WHAT YOU NEED TO DO ->
Retype every record exactly. Leave the pictures out.

─── DATA EXTRACTS

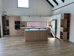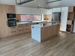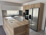 Dvířka Acrylic Latté Matt, korpus a zadní deska Dub Halifax přírodní, pracovní deska Dub Halifax přírodní.
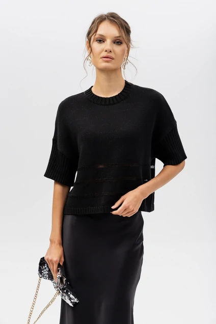 Дизайн: укороченный крой с короткими рукавами и оригинальными ажурными вставками на уровне талии, добавляющими изюминку и лёгкость образу;
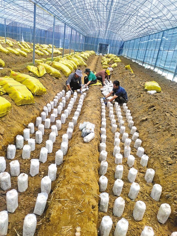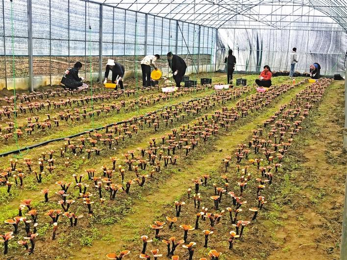 圖為紅太陽(yáng)家庭農(nóng)場(chǎng)工作人員在采摘靈芝。 記者 措姆 攝
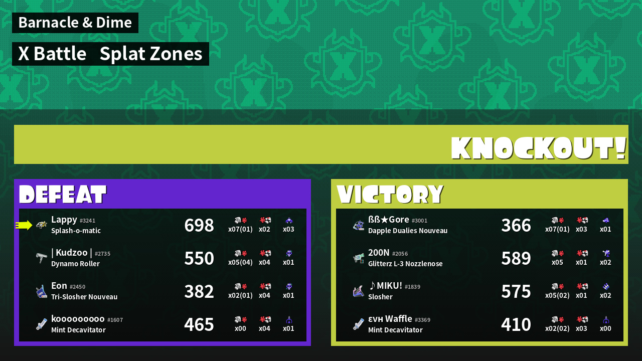 | Mode | Splat Zones - X Battle |
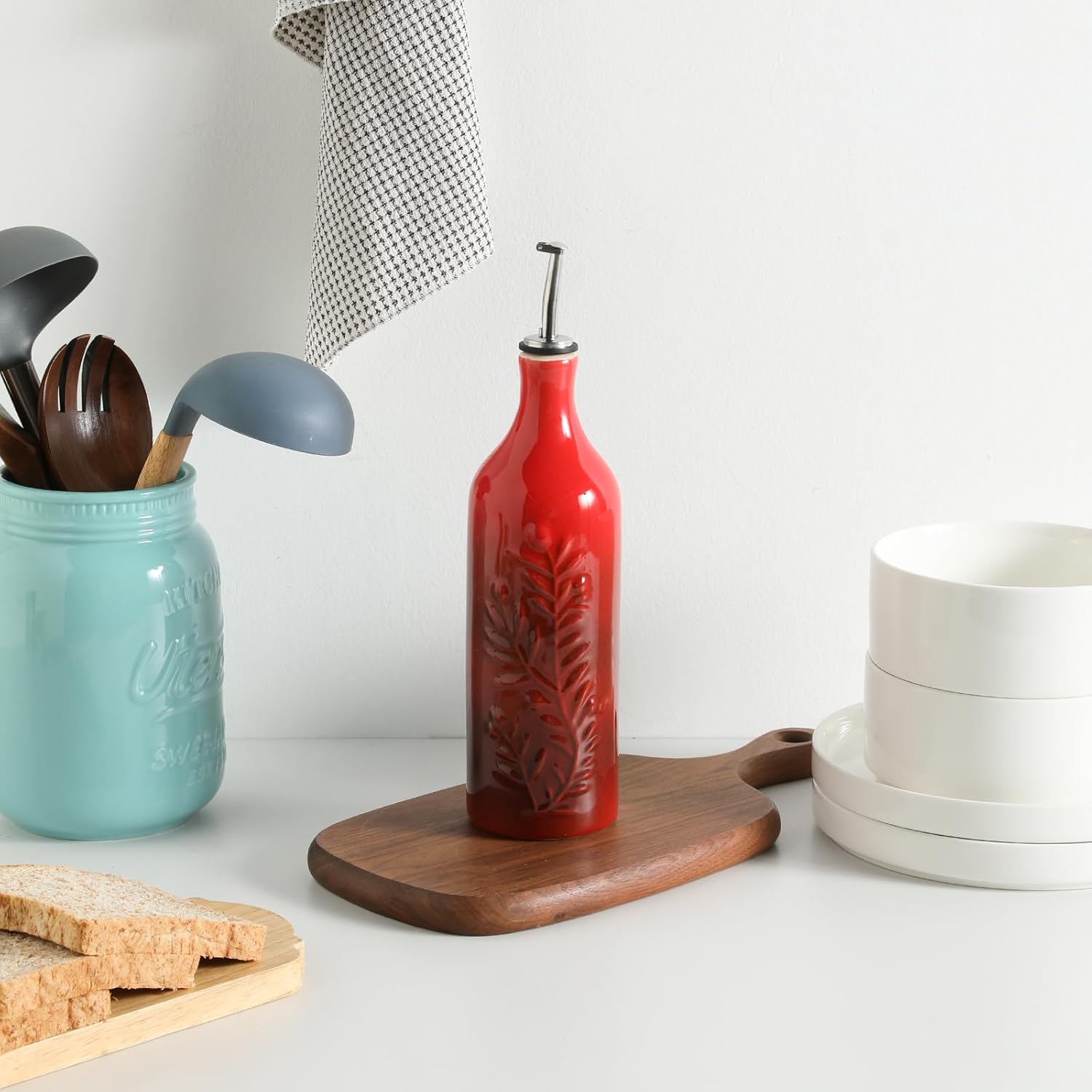 - Durable and Precise Pouring Control - The olive oil bottle fired at high temperatures, to form a smooth glazed surface, strength and durability. The carefully designed spout that allows for easy pouring without any messy drips or spills.

──────

SOLUTION FOR THIS EXERCISE ->
 Dvířka Acrylic Latté Matt, korpus a zadní deska Dub Halifax přírodní, pracovní deska Dub Halifax přírodní.
 Дизайн: укороченный крой с короткими рукавами и оригинальными ажурными вставками на уровне талии, добавляющими изюминку и лёгкость образу;
 圖為紅太陽(yáng)家庭農(nóng)場(chǎng)工作人員在采摘靈芝。 記者 措姆 攝
 | Mode | Splat Zones - X Battle |
 - Durable and Precise Pouring Control - The olive oil bottle fired at high temperatures, to form a smooth glazed surface, strength and durability. The carefully designed spout that allows for easy pouring without any messy drips or spills.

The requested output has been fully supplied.